THE DATA →
%%

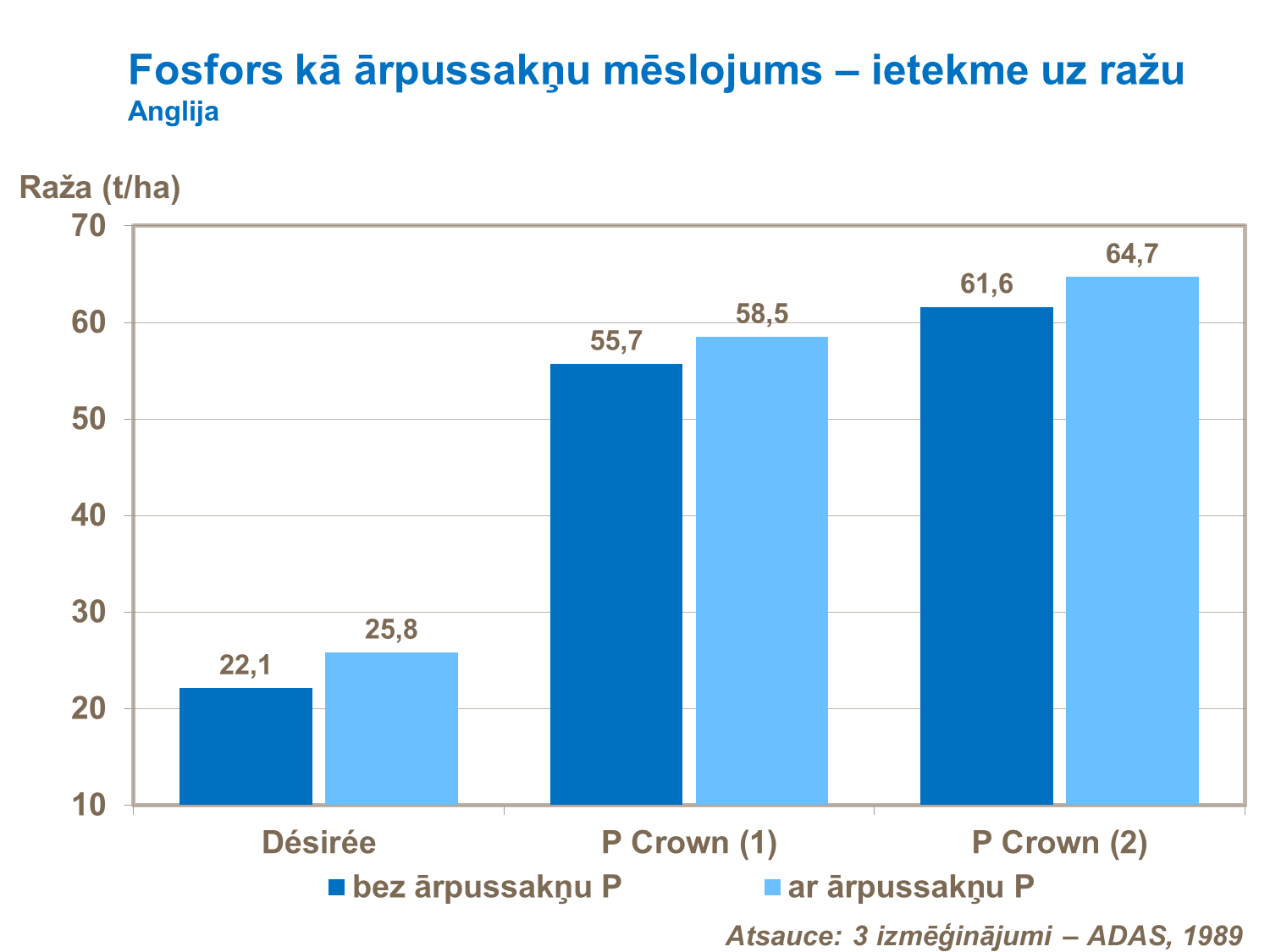 Šie neatkarīgie pētījumi, kas veikti Anglijā, parāda konsekventu ražas pieaugumu no fosfora kāārpussakņu mēslojuma lietošanas pēc bumbuļu aizmešanās, kā rezultātā palielinās bumbuļu lielums un kopējā raža.
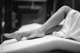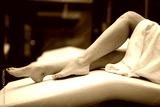 My lower body. Close up of female legs with perfect skin. Woman relaxing on daybed at spa lounge
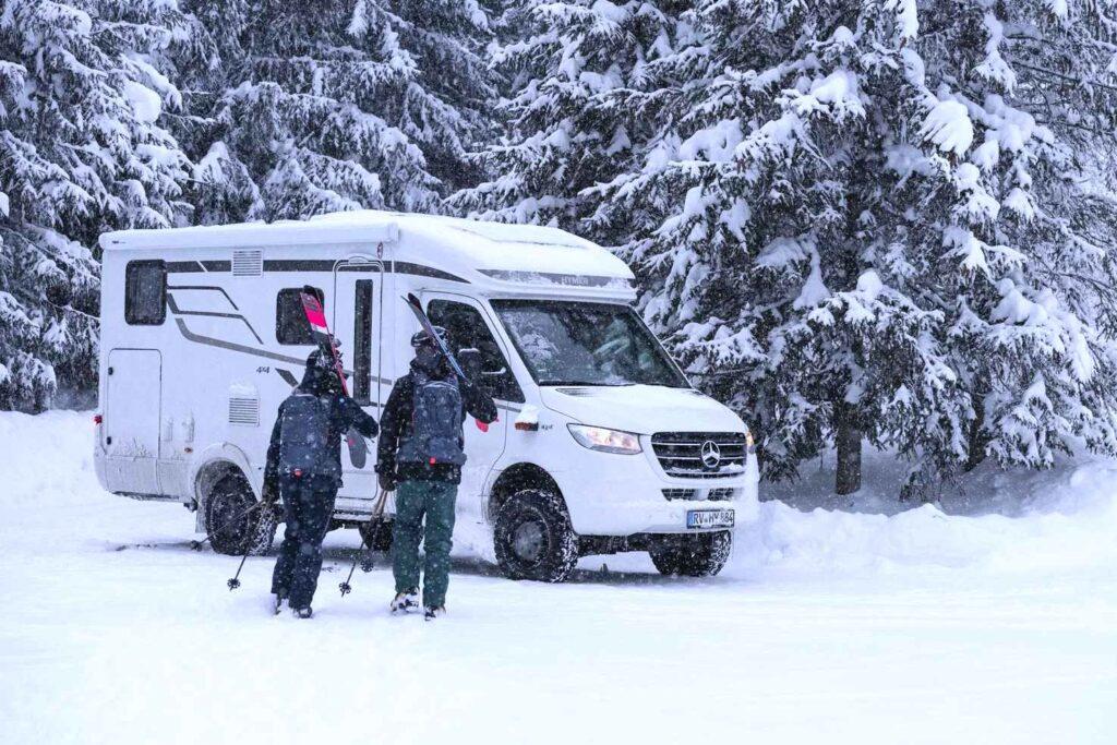 Le développement des stations de haute et moyenne montagne est toujours allé de pair avec l’accueil des véhicules de loisirs. Il faut remonter aux années soixante pour voir les premiers campings ouverts en altitude, à la faveur des « ”Plans neige” qui ont accompagné l’aménagement des stations. A l’époque de la caravane triomphante, ces campings d’altitude ont pris le nom de caravaneiges, Super-Besse, Les Menuires, Val d’Isère, Chamrousse ont été les premières stations à accueillir des campings ouverts l’hiver. Les skieurs installaient leurs caravane de novembre à Pâques, et montaient soit le week-end, pour les locaux, soit à Noël, février et Pâques pour les plus éloignés, évitant de conduire leur attelage sur des routes enneigées. Ces dernières décennies, aux caravanes ont succédé les camping-cars, les mobil-homes, et plus récemment les fourgons et les vans.
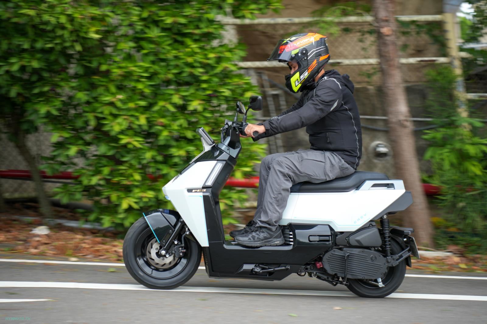 一般充電式的電動車多數適合在獨棟房子來做充電使用,不然就是要將電池拆下又辛辛苦苦提到室內來充電,而換電式的電動機車除了要面對每個月的月租費外還要擔心能不能換到滿電的電池,這也是目前電動機車都會遇到的問題,而 PE3 的概念是保留充電孔但不走換電的形式,主電池是與中油開發的新型態新型態軟碳鋰三元電池具備高能量密度、超低電阻與超長壽命等特性,PE3 的動力電機輸出功率大概在 4kW 等同是綠牌等級最大時速約在 72km/h 上下,在電量低於指定比例時將會由 VCU 控制電腦來啟動引擎,引擎啟動後會帶動發電機開始為電池充電並在電腦的控制下實現正回充,避免越騎越沒電、燃油全浪費的情況產生。

%%

WHAT YOU WILL DO → None of the pictures should be carried over when the data above is transcribed exactly.

TASK SOLUTION →
 Šie neatkarīgie pētījumi, kas veikti Anglijā, parāda konsekventu ražas pieaugumu no fosfora kāārpussakņu mēslojuma lietošanas pēc bumbuļu aizmešanās, kā rezultātā palielinās bumbuļu lielums un kopējā raža.
 My lower body. Close up of female legs with perfect skin. Woman relaxing on daybed at spa lounge
 Le développement des stations de haute et moyenne montagne est toujours allé de pair avec l’accueil des véhicules de loisirs. Il faut remonter aux années soixante pour voir les premiers campings ouverts en altitude, à la faveur des « ”Plans neige” qui ont accompagné l’aménagement des stations. A l’époque de la caravane triomphante, ces campings d’altitude ont pris le nom de caravaneiges, Super-Besse, Les Menuires, Val d’Isère, Chamrousse ont été les premières stations à accueillir des campings ouverts l’hiver. Les skieurs installaient leurs caravane de novembre à Pâques, et montaient soit le week-end, pour les locaux, soit à Noël, février et Pâques pour les plus éloignés, évitant de conduire leur attelage sur des routes enneigées. Ces dernières décennies, aux caravanes ont succédé les camping-cars, les mobil-homes, et plus récemment les fourgons et les vans.
 一般充電式的電動車多數適合在獨棟房子來做充電使用,不然就是要將電池拆下又辛辛苦苦提到室內來充電,而換電式的電動機車除了要面對每個月的月租費外還要擔心能不能換到滿電的電池,這也是目前電動機車都會遇到的問題,而 PE3 的概念是保留充電孔但不走換電的形式,主電池是與中油開發的新型態新型態軟碳鋰三元電池具備高能量密度、超低電阻與超長壽命等特性,PE3 的動力電機輸出功率大概在 4kW 等同是綠牌等級最大時速約在 72km/h 上下,在電量低於指定比例時將會由 VCU 控制電腦來啟動引擎,引擎啟動後會帶動發電機開始為電池充電並在電腦的控制下實現正回充,避免越騎越沒電、燃油全浪費的情況產生。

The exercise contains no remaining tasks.